Description of the data and file structure
The data and code folder contains all files and data related to analyses run using the R package. The files include:
R scripts:
code.txt--R Script for Data Visualization (Figure 2; Figure 4; Figure 5; Figure 6).
The first row of both the CSV and Excel files has been annotated to define all abbreviations used in the tables.

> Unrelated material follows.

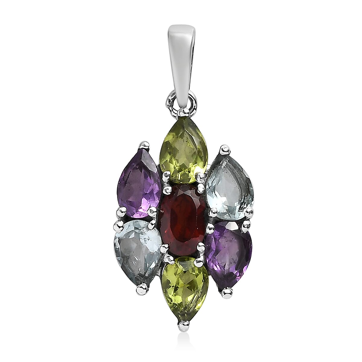 This gemstone pendant is designed as a cluster of vibrant, carefully selected gemstones embodying unity and togetherness. Crafted to highlight each stone's natural brilliance and hue, the pendant is set in durable metal, ensuring both elegance and longevity.

Additionally, the specific figure that each table corresponds to has been indicated.
csv files:
colonization.csv--This dataset, along with the accompanying code, allows for the reproduction of Figure 2. Primary focus on associations between global change factors and their effects on arbuscular mycorrhizal (AM) fungal.
env.csv and rich.csv --This dataset, along with the accompanying code, allows for the reproduction of Figure 6. Primarily displays the matrix of correlation coefficients between multiple metrics of AM fungi and a series of abiotic factors.
paraglomus1.csv--This dataset, along with the accompanying code, allows for the reproduction of Figure 5. Primarily investigates the relationships between global change factors and parameters of arbuscular mycorrhizal fungi.
xlsx files:
original dataset.xlsx--Raw Data Extracted for Meta-Analysis. Includes soil chemical characteristics (pH, available P g/kg, nitrate-nitrogen g/kg, ammonium-nitrogen g/kg, organic carbon g/kg, total N g/kg, total P g/kg), environmental mean annual temperature (MAT), latitude and longitude, mean annual precipitation (MAP)), AM fungal abundance (including root colonization, extraradical hyphae length, and spore density), richness (the total number of species or taxa present, based on morphology [spore taxonomy] or genetics [OTU numbers]), Shannon diversity index, beta diversity (the magnitude of similarity in species composition among different sites) and the community structure.
Code and software
R version 4.3.3 was used to run analyses and create all figures. Annotations are provided in all scripts to guide data loading, analyses, and figure creation. The following packages are required:
Matrix; rJava; glmulti; metafor; readxl; vegan; rfPermute; psych; reshape2; pheatmap; jokergoo/ComplexHeatmap (built from GitHub, script contains code for install).